FRC 2016

The 2016 FRC robot code for Dropshot. Dropshot's code is written in Java and is based off of WPILib's Java control system.

The code is divided into several packages, each responsible for a different aspect of the robot function. This README explains the function of each package, some of the variable naming conventions used, and setup instructions. Additional information about each specific class can be found in that class's java file.

How to Write code in IntelliJ

• Create a new directory to be the "top level" of your IntelliJ project. I call mine ~/pofs/robot
• Check out this repo into that directory:

~ $ cd ~/pofs/robot/
~/pofs/robot $ git clone https://github.com/Team254/FRC-2016.git
~/pofs/robot $ ls
FRC-2016

• In IntelliJ, create a new empty project (not a java project, just an empty project) at your "top level". This Should create a .idea folder if you did it in the right spot

# after making the project:
~/pofs/robot $ ls -a
.  ..  .idea  FRC-2016

• In intelliJ, you should be in the "project settings" window. Create a new module from existing sources on the FRC-2016 folder, IntelliJ should pick up src/ as the content root.
• In the project settings window, add a new Java library for wiplib. Select all the jars in ~/wpilib/java/current/libs/. It'll give it a wonky name like "networktables", but that doesn't matter. Choose to include it in the FRC-2016 project.
• In project settings, under the "prject section" set your JDK to Java 1.8
• You can now write code with auto-complete in IntelliJ, but not build/deploy
• In IntelliJ, in the "ant build" pane, add FRC-2016/build.xml. To deploy code to the robot, double click athena-project-build.build

How to run CheesyLogger

You'll need to install Mosquitto on your machine. On osx that's:

$ brew install mosquitto

There's probably a compatible apt-get package for linux (I haven't looked at time of writing).

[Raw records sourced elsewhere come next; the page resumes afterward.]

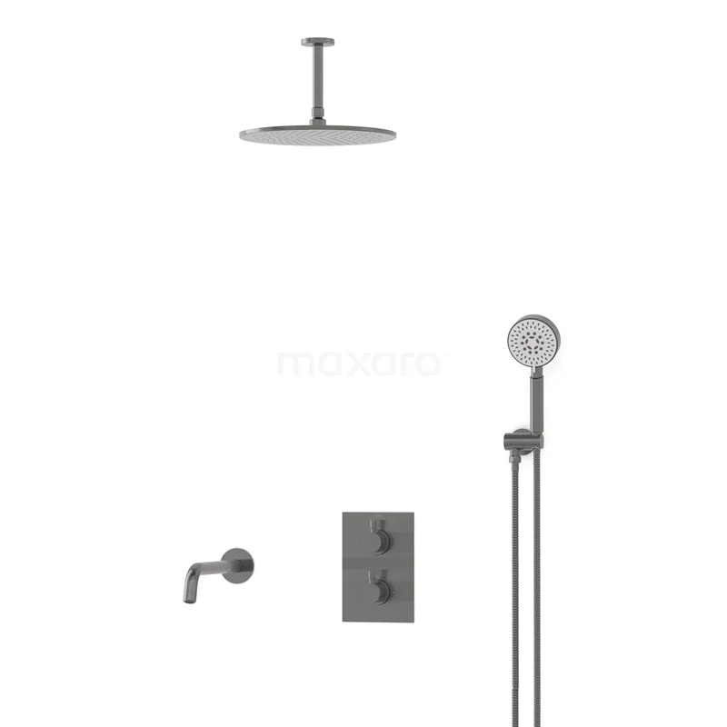 Radius Einbau Badewannenarmatur mit Regendusche | Schwarzes Metall Thermostatisch
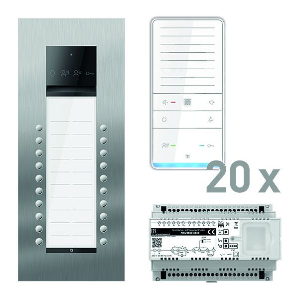 Vorkonfiguriertes Paket für 20 Wohneinheiten für den TCS:BUS bestehend aus: 1x PES PRO Audio Außenstation 20T UP ES, Artikelnummer: ASU600220-0030, vorprogrammiert, 20x TASTA Pro Freisprecher PLUS WS SDI, Artikelnummer: ISW6031-0145, 1x Versorgungs- und Steuergerät Video 8 TE, Artikel-Nr. NBV2600-0400. Das Paket ist ab Werk vorkonfiguriert und bedingt erweiterbar. Die Funktionen der Innen- und Außenstationen können mit TCS-Serviceprodukten bedingt verändert werden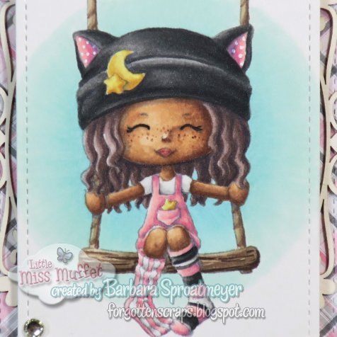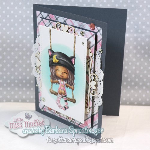 It’s Thursday at Little Miss Muffet Stamps and there is still time to add a project to the Anything Goes Challenge. For my project I’ve used Jr. Hatter Twinkle rubber stamp.  I created different layers on the card and behind the image layer, I used a Make it Crafty chipboard embellishment frame.

In CheesyLogger.java, change the mqtt server url to be your laptop. You can use your IP, or your mDNS record. Mine is tcp://leighpauls-mbp.synergy.bcp.org:1883.

Run the mqtt broker server:

~/pofs/robot/FRC-2016 $ ./logger/run_mqtt_server.sh
1453174940: mosquitto version 1.4.5 (build date 2015-11-09 14:23:18-0800) starting
1453174940: Config loaded from ./logger/mosquitto.conf.
1453174940: Opening ipv4 listen socket on port 1883.
1453174940: Opening ipv6 listen socket on port 1883.
1453174940: Opening websockets listen socket on port 11883.

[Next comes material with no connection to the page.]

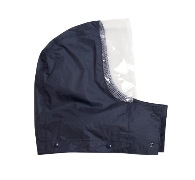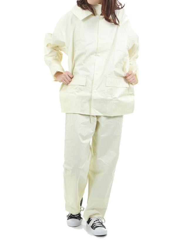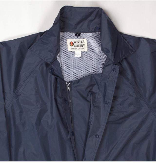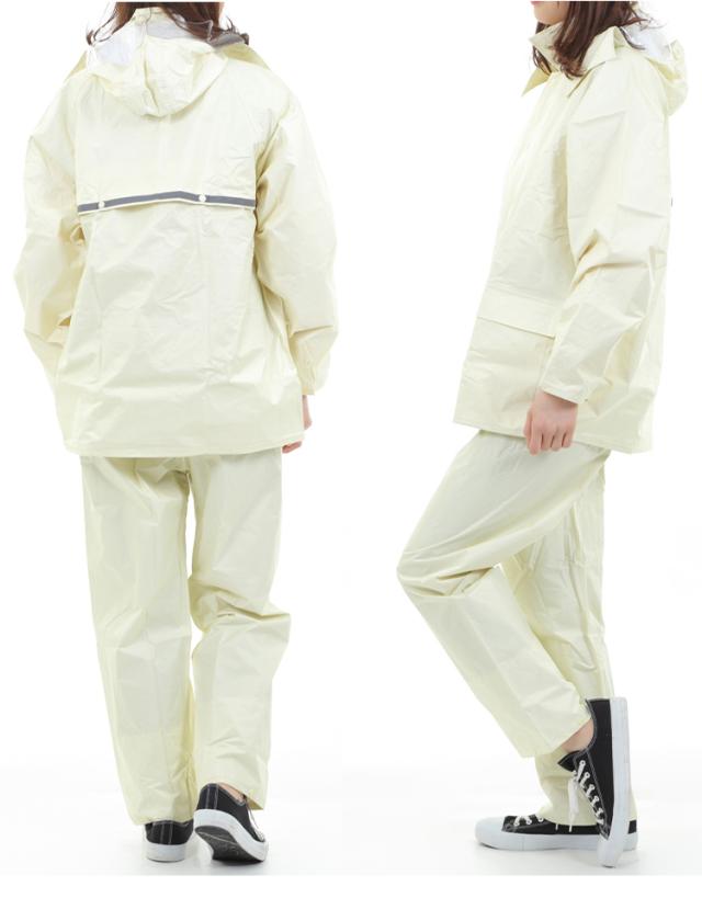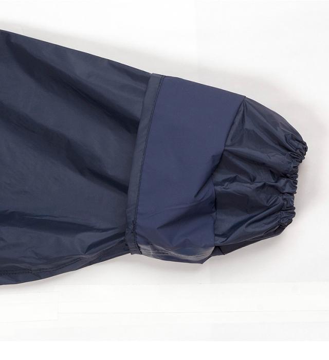 顔まわりの透明の取り外し可能なフードは、クリアな視界を確保。ボタンを閉じれば口元までガードできます。前合わせはファスナーとスナップボタンで雨の浸入を二重にブロック。内側のゴム袖の上からさらに袖を覆うことにより、吹き付ける雨も浸入しにくくしています。反射テープを背中に幅広に配置し、夜間や薄暗い雨の日にも後方からの視認性を確保しています。ジャケット・パンツとも裏地にメッシュを付け、汗をかいてもべとつかず、快適な着心地が続きます。レインスーツと同色の収納袋付き。ジャケットと収納袋にはネームタグ付き。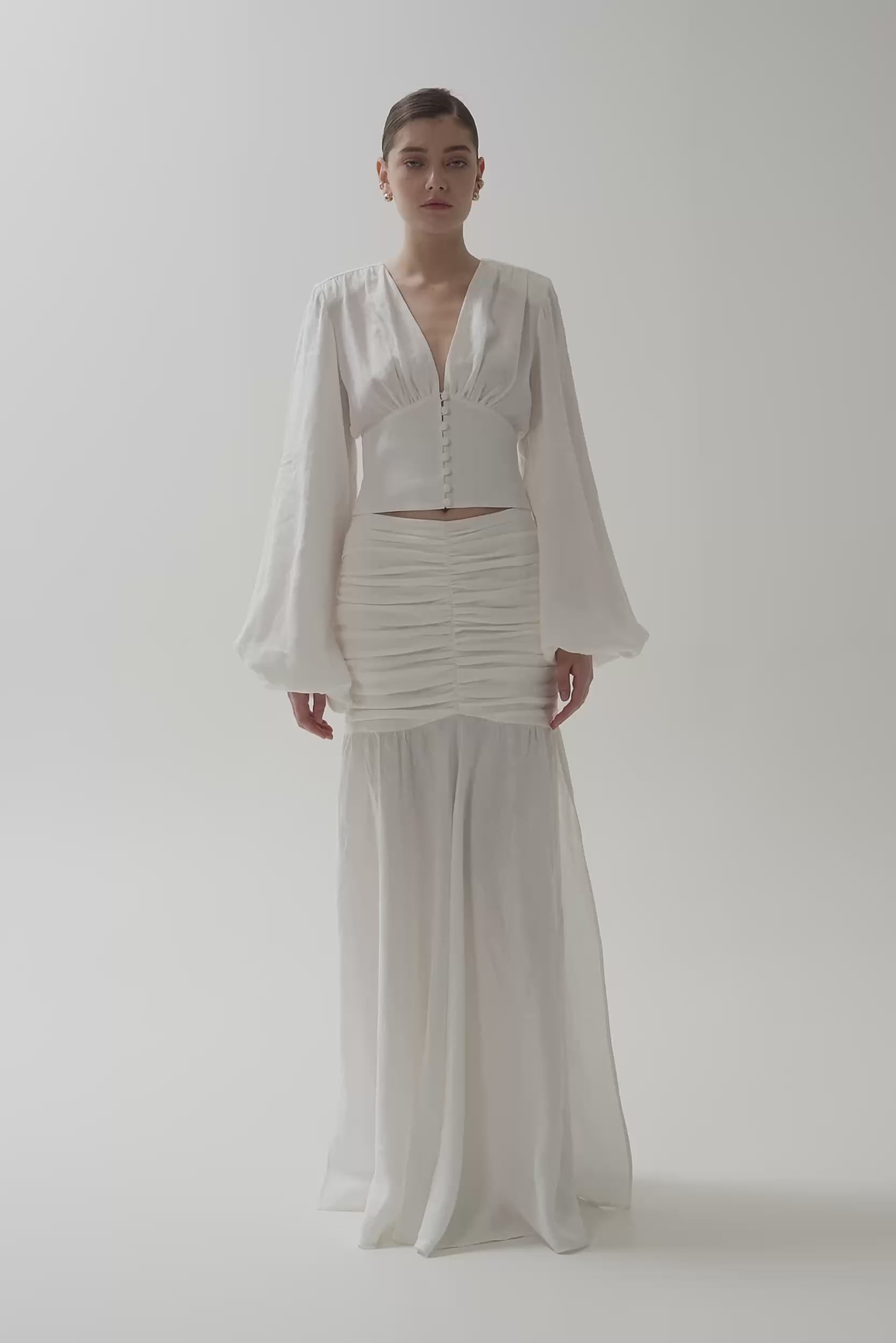 Ruched maxi skirt in white linen

Point your browser at file:///Users/*YOUR_USERNAME*/pofs/robot/FRC-2016/logger/logger.html (replacing the path with wherever your repo lives).

##Package Functions

• com.team254.frc2016

  Contains the robot's central functions and holds a file with all numerical constants used throughout the code. For example, the Robot member class controls all routines depending on the robot state.

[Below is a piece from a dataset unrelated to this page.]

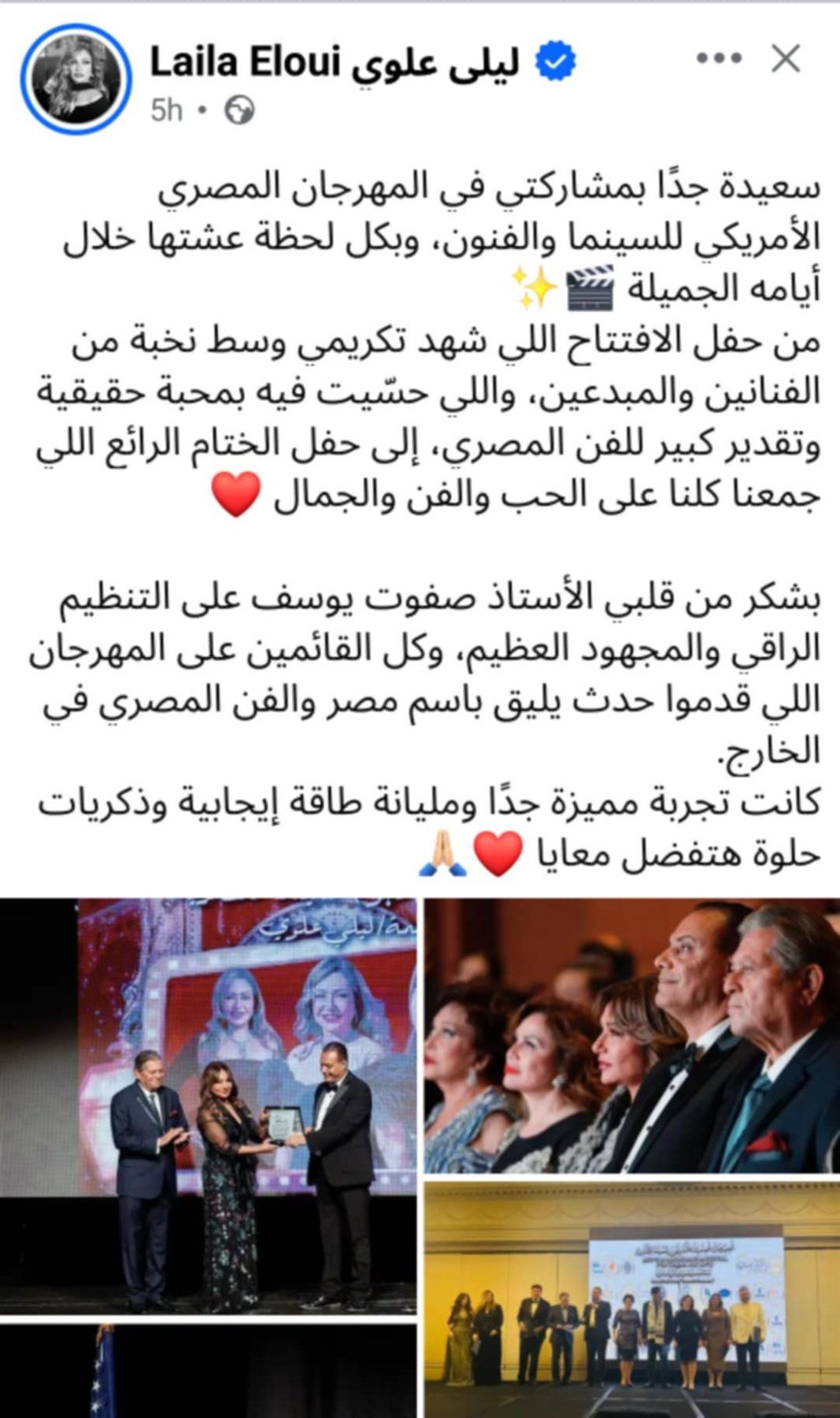 وجاءت رسالة الفنانة ليلى علوي: "سعيدة جدًا بمشاركتي في المهرجان المصري الأمريكي للسينما والفنون، وبكل لحظة عشتها خلال أيامه الجميلة، من حفل الافتتاح اللي شهد تكريمي وسط نخبة من الفنانين والمبدعين، واللي حسّيت فيه بمحبة حقيقية وتقدير كبير للفن المصري، إلى حفل الختام الرائع اللي جمعنا كلنا على الحب والفن والجمال".

• com.team254.frc2016.auto

  Controls the robot's autonomous routine for the autonomous state. See the auto.modes package for the autonomous routines.

• com.team254.frc2016.auto.actions

  Contains all actions used during the autonomous period, which all share a common interface, Action (also in this package). Examples include getting the hood low.Routines interact with the Subsystems, which interact with the hardware.

• com.team254.frc2016.auto.modes

  Contains all autonomous routines. Autonomous routines typically move the robot in their class and call one or more Actions.

• com.team254.frc2016.loops

  Loops are routines that run periodically on the robot, such as calibrating the gyroscope and checking the turret's limit switches. This runs at 100 Hz. All Loops implement the Loop interface and are handled (started, stopped, added) by the Looper class. The Robot class has two Loopers, mEnabledLooper and mDisabledLooper, which run when the robot is enabled and disabled, respectively. The enabled and disabled states require different Loops to be run, thus the need for two Loopers.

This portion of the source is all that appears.